Please note that the following document, although believed to be correct at the time of issue, may not represent the current position of the CRA.
Prenez note que ce document, bien qu'exact au moment émis, peut ne pas représenter la position actuelle de l'ARC.
19(1) |
File No. 5-8263 |
|
K.B. Harding |
|
(613) 957-2129 |
August 2, 1989
19(1)
This is in reply to your letter of June 7, 1989 wherein you requested our opinion with respect to the treatment of non-residents in the following circumstances.
1. Where a non-resident inherits a house from a Canadian resident who was using it as a primary residence, will it be necessary for a non-resident to pay estate taxes on the house? If so, what is the tax rate? Will it be necessary for a non-resident to pay capital gains tax on the house when it is sold? How are the cost of the house and capital gains determined in this case?

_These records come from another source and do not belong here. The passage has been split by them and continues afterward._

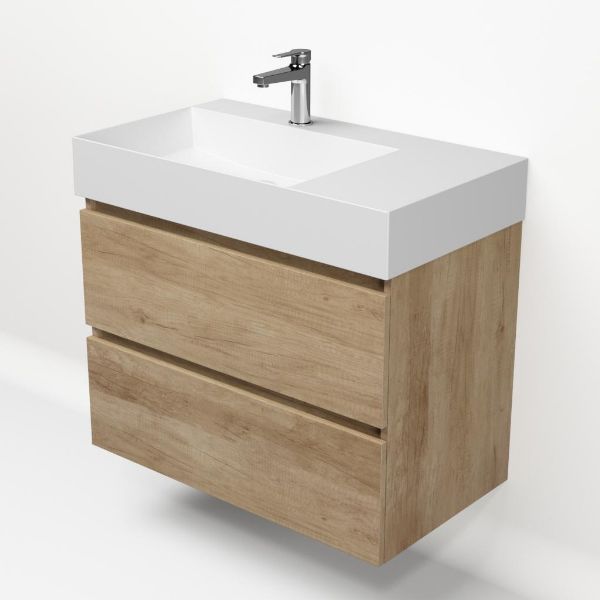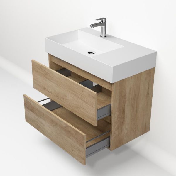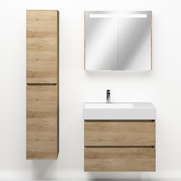 Greeploos badkamermeubel in de kleur olm is 80 cm breed. De wastafel is vervaardig in keramiek en heeft de kleur wit mat keramiek. Dit badkamermeubel met deze wastafel is leverbaar tussen de 60 cm t/m 120 cm
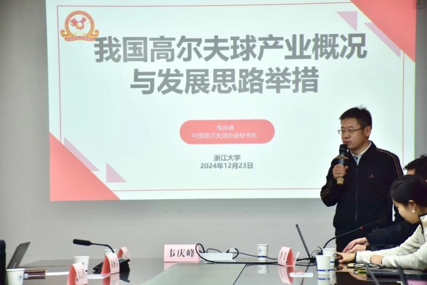 2024年12月23日,中国高尔夫球协会秘书长韦庆峰博士到访黑料吃瓜网 ,为师生做讲座,并就《中国高尔夫球产业报告》(以下简称《报告》)工作进展进行座谈。
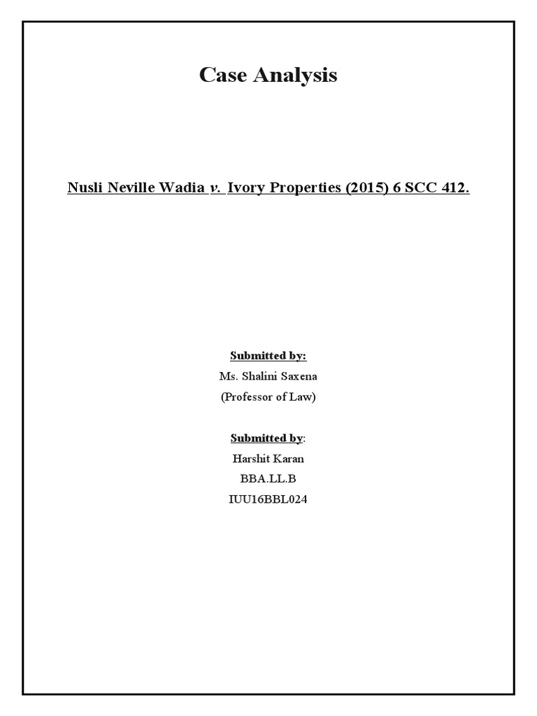 Nusli Neville Wadia v. Ivory Properties (2015) 6 SCC 412.
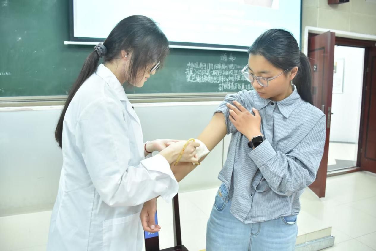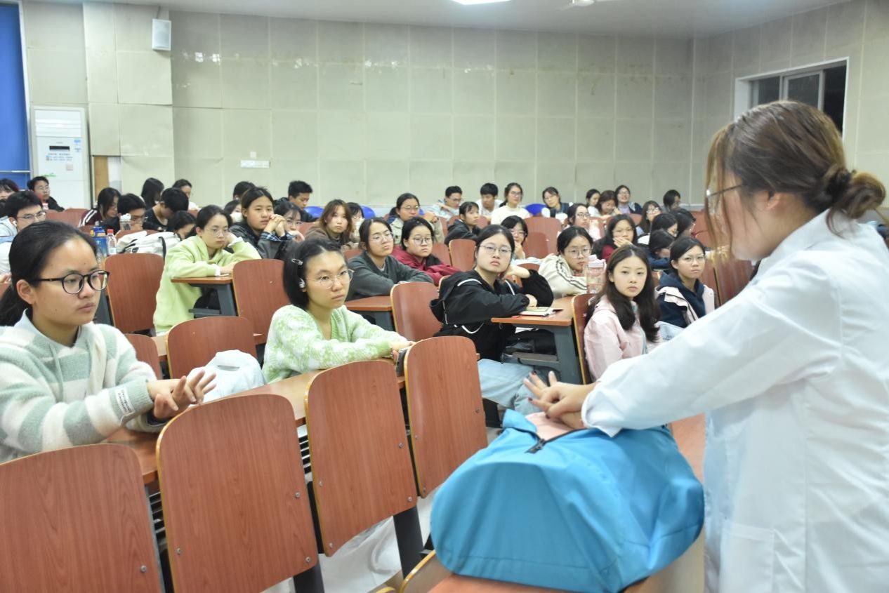 课堂上,郝思嘉以心肺脑复苏为主题开展讲授,对基础生命支持的核心流程予以详细解读。她对各个动作要领进行逐一拆解,内容涵盖现场安全评估、意识与脉搏判断,以及胸外按压、开放气道、人工呼吸等规范操作。同时,她强调了“黄金抢救4分钟”的重要意义,并结合AED设备使用方法的演示,帮助新生能够直观地掌握急救关键技能。随后,马亚梅以外伤急救为核心,系统地讲解了外伤判断、清洁消毒、止血与包扎四大板块。她通过实例来帮助同学们区分不同血管的出血特点,演示了加压止血、指压止血、止血带止血等实用方法,以及三角巾、绷带的多种包扎技巧,并强调操作需遵循“快、准、轻、牢”的原则。
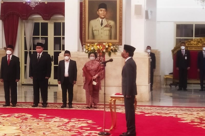 Setelah pembacaan keppres, dilakukan pengambilan sumpah jabatan kepada masing-masing pejabat yang dilantik di hadapan Presiden Jokowi dan disaksikan rohaniwan.
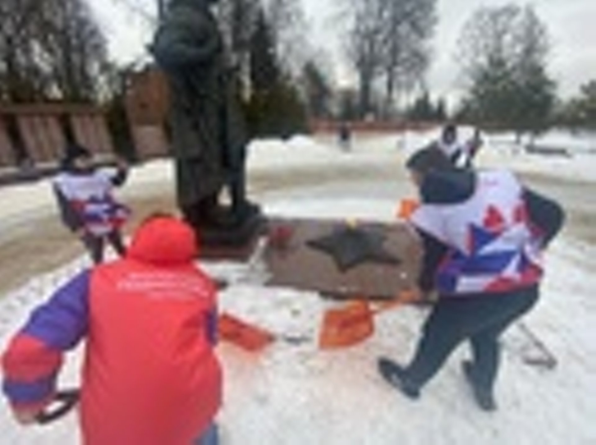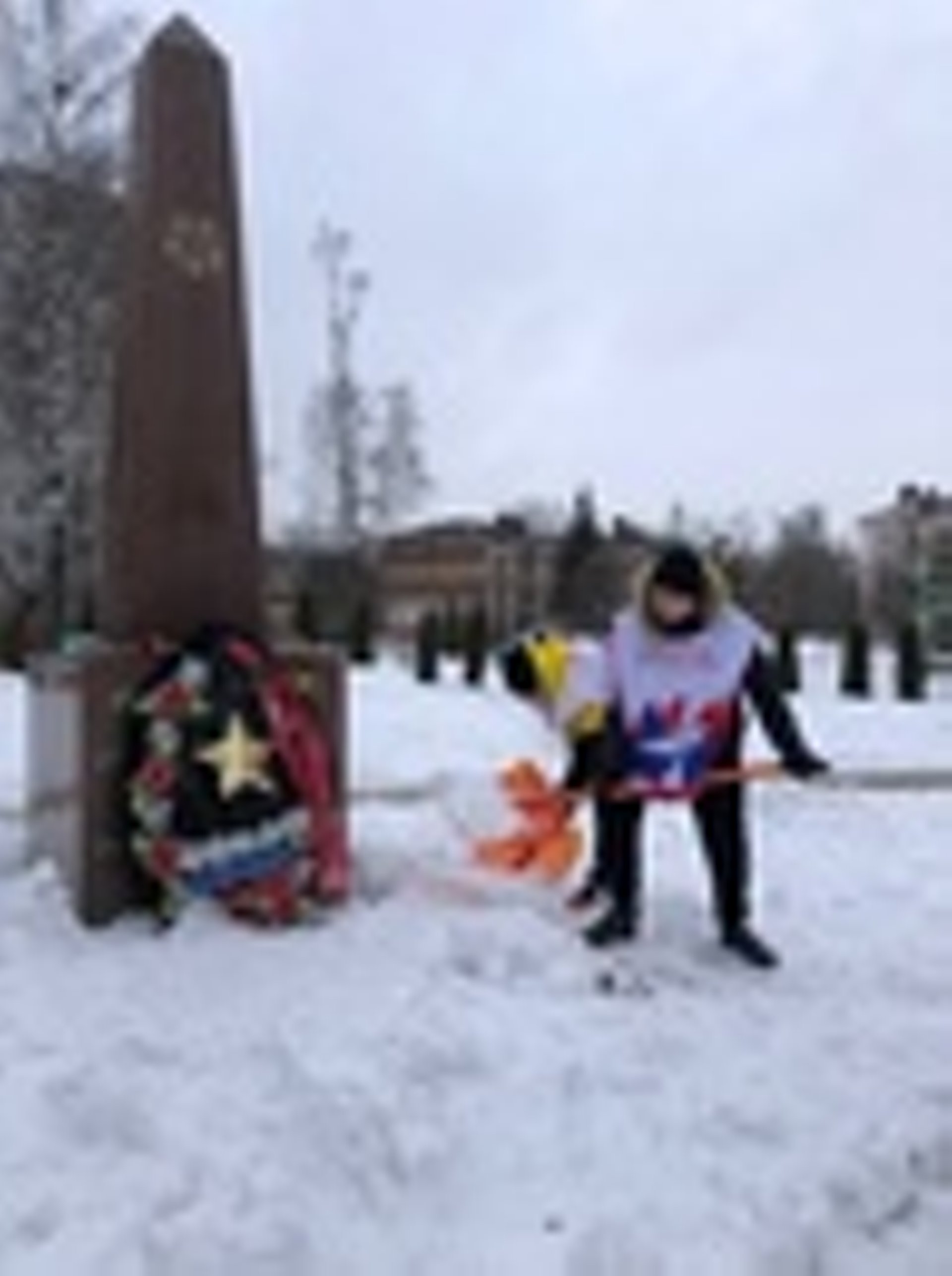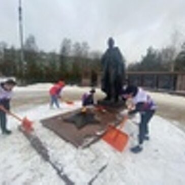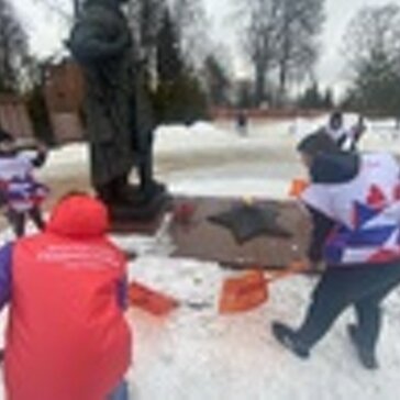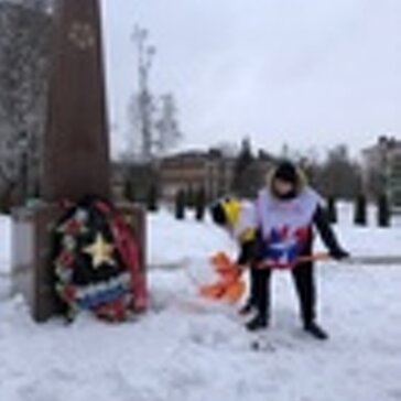 В предверии Дня Защитника Отечества , волонтеры Лосино-Петровского убрали снег у памятника.
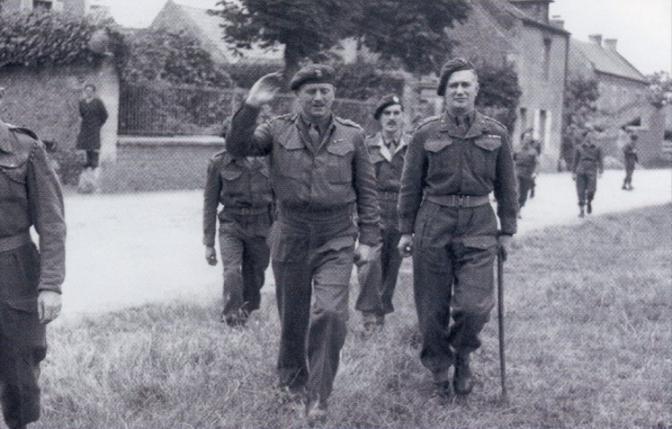 Lieutenant-Colonel Mills-Roberts (left) with Brigadier John Durnford-Slater, Deputy Commander Commando Group, in Le Plein on the 14th July. Copyright: Imperial War Museum.
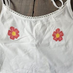 Cropped cami with adjustable straps and a fun graphic design. New with tags, never worn.
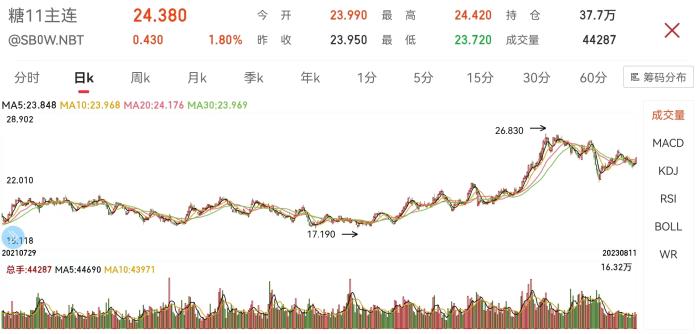 雖然近段時(shí)間食糖價(jià)格有所下降,但截至8月11日,糖11主連期貨價(jià)格仍收至每磅24.38美分。
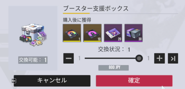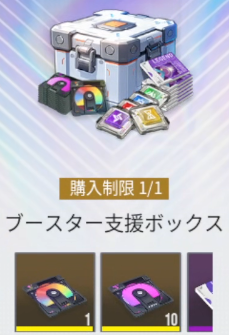 ブースター支援ボックスは一度だけ購入できる課金パックになります。SR確定ガチャチケットである特定プロトタイプと異格プロトタイプが安価に手に入るためおすすめです。
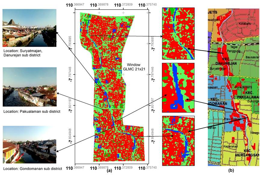 Figure 5. (a) Slum Settlement Identification Results using SVM, (b) Slum Settlement Map Pieces from the KOTAKU Program.
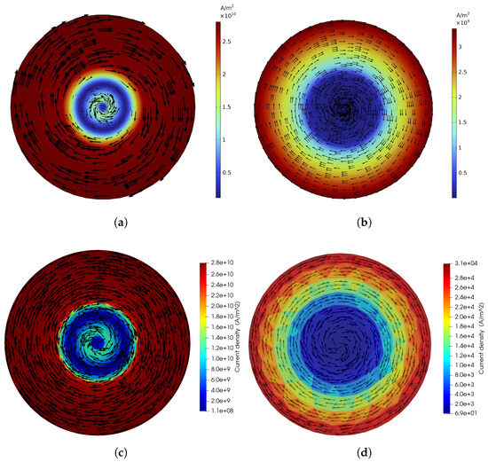 Top view of the current density norm at ms. (a) HTS disk with . (b) Iron substrate with . (c) HTS disk with . (d) Iron substrate with .
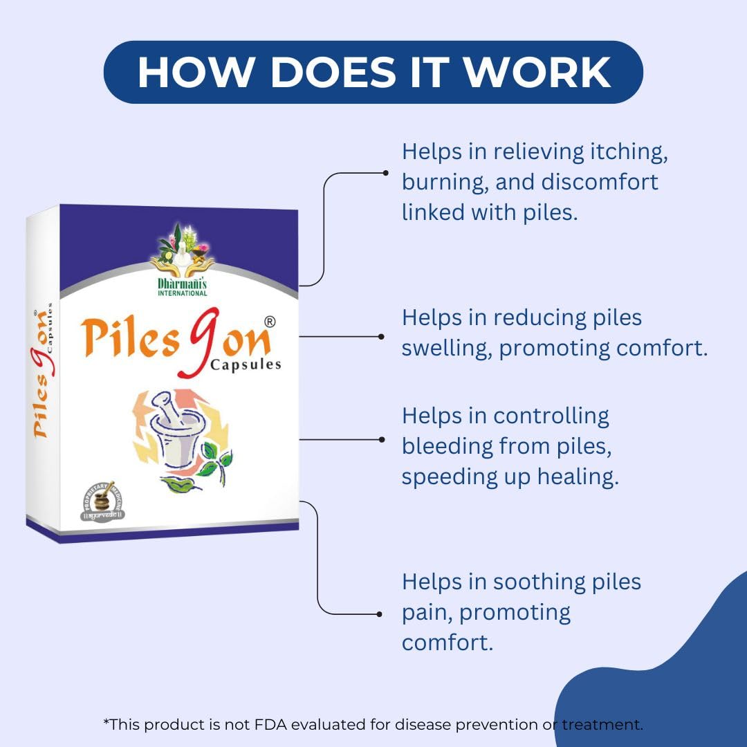 Dharmani's Intternational Piles Gon Capsule | Ayurvedic Relief from Pain Bledding & Constipation (Pack of 5)
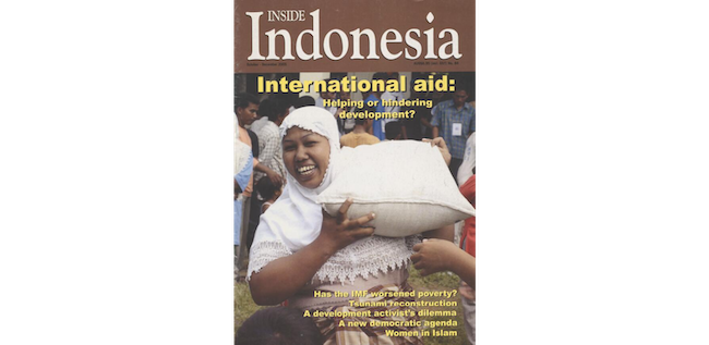 In the second article, Bob queries the use of the term ‘partners’ for the recipients of aid: ‘Is partnership possible when one party controls all the resources and the other desperately needs them to pursue its goals?’ He raises the dilemma of whose strategies are being followed and whether ‘Indonesian groups doing the actual work often tend to be seen as mere functionaries in the broader strategies of international development agencies’. Finally, he raises the issue of corruption, stating that fighting corruption is as important a social justice issue as opposing human rights abuses or environmental destruction.
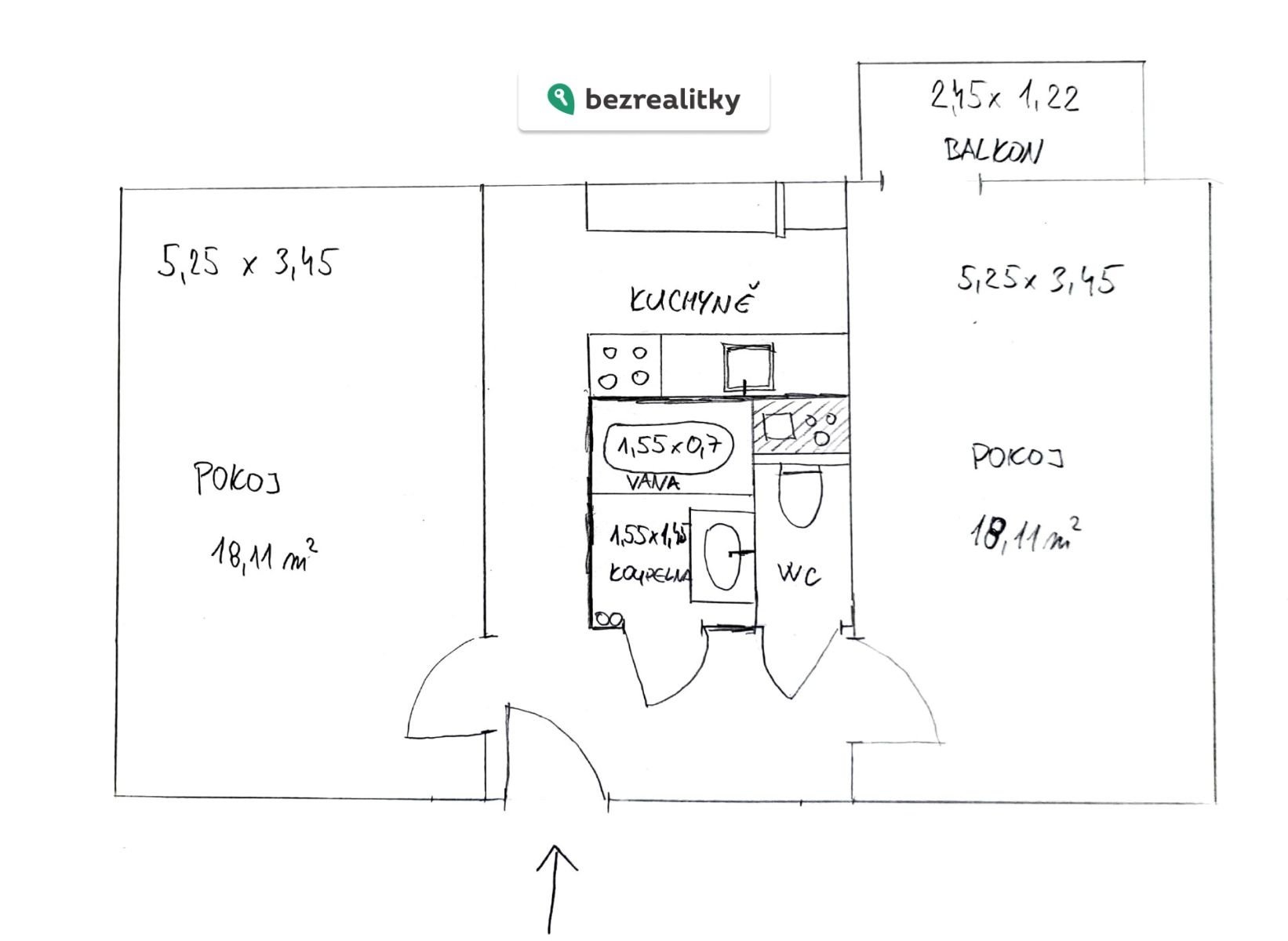- Dispozice bytu: 2+1
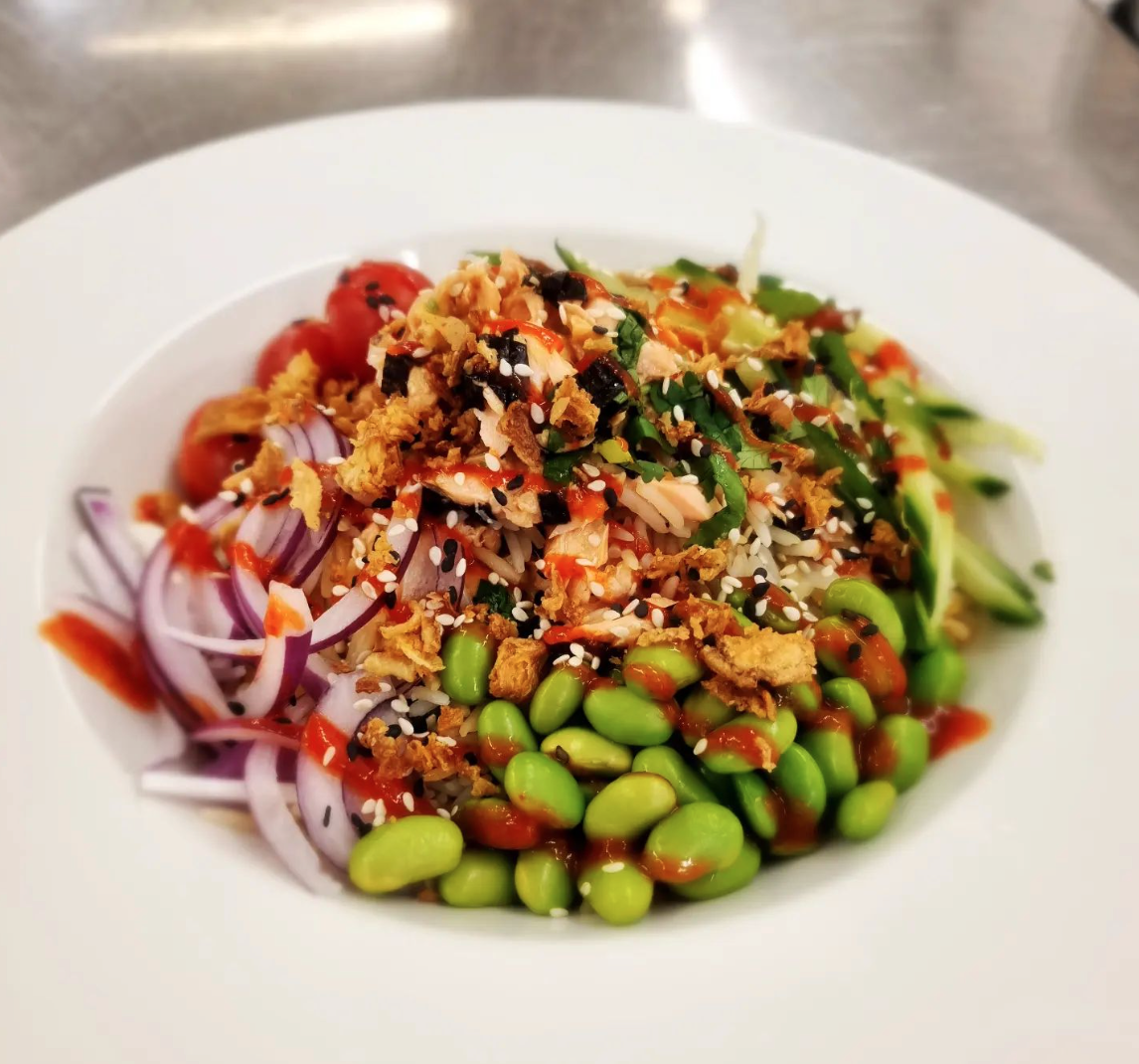 A delicious roasted Scottish salmon poke bowl served at Gordonstoun
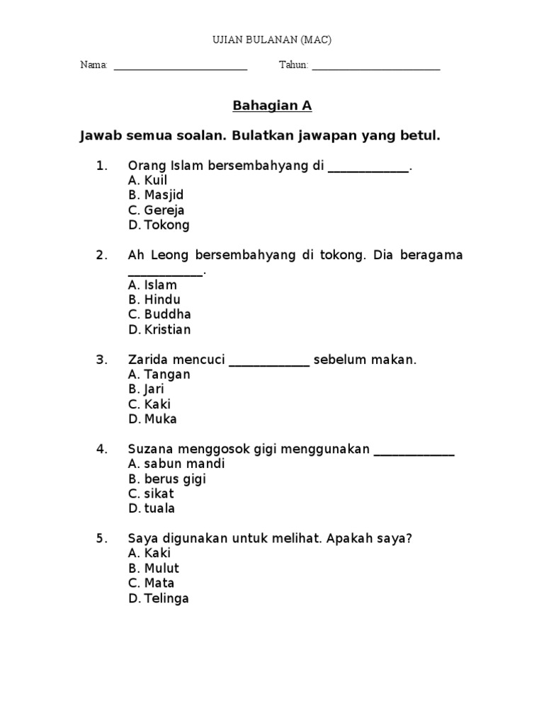 Soalan Ujian Pendidikan Moral Tahun 2 Kssr
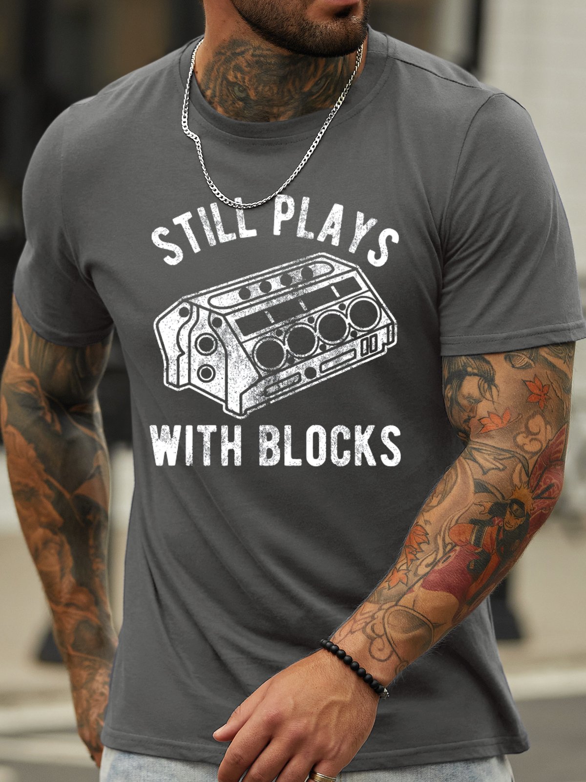 Men's Still Plays With Blocks Funny Graphic Print Casual Crew Neck Cotton Loose T-Shirt
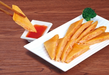 4.取一锅,倒入适量的油,以中火将油温烧至170℃,放入作法3的虾饼皮,以中火炸2分钟,至饼板呈金黄色捞出,将油沥干,切成三角状即成。食用时配沾泰式梅酱风味更佳。

2. If the house mentioned above is gifted to a non-resident before death, is it then necessary for the non-resident to pay capital gains tax when it is sold? What is the tax rate in this case and how is the capital gain determined?
3. Of the two possibilities mentioned above, which is the most advantageous from a tax point of view?
4. If a non-resident dies, are there estate taxes on his Canadian shares, bonds or house? If so please send details.
We will respond to your questions in the order presented.
A. It is our understanding that estate taxes have been abolished in all provinces in Canada; however, you may wish to confirm this fact with the Department of Finance in the province where the estate will be located. Accordingly, based on this assumption there will be no estate taxes payable by either the deceased or the non-resident beneficiaries.
Generally speaking, where a deceased taxpayer owns capital assets at the time of this death, he is deemed to dispose of each asset owned by him (other than depreciable property) for proceeds of disposition equal to fair market value. Accordingly, the deceased is taxed on any capital gains that arose prior to the date of death. However, where the property qualifies as a principal residence for the full period of ownership by the deceased he will be exempt from capital gains tax on that property. The deceased may also qualify for the capital gains deduction described in pages 16-20 of the "Capital Gains Tax Guide" (enclosed) where the house did not qualify as a principal residence for the full period of ownership.
Where a person has acquired capital property (other then depreciable property) as a consequence of a death he is deemed to acquire the asset immediately before the death at a cost equal to fair market value. Part III of the enclosed booklet "1988 Deceased Persons' Income Tax Guide" outlines similar treatment in the case of depreciable property.
In summary, the beneficiaries of the estate are deemed to acquired the inherited capital assets (other than depreciable property) at fair market value and no capital gains arise in the hands of the beneficiaries at the date of death. However, on a subsequent disposition by the beneficiary any proceeds of disposition in excess of the beneficiary's cost will be treated as a capital gain for Canadian income tax purposes.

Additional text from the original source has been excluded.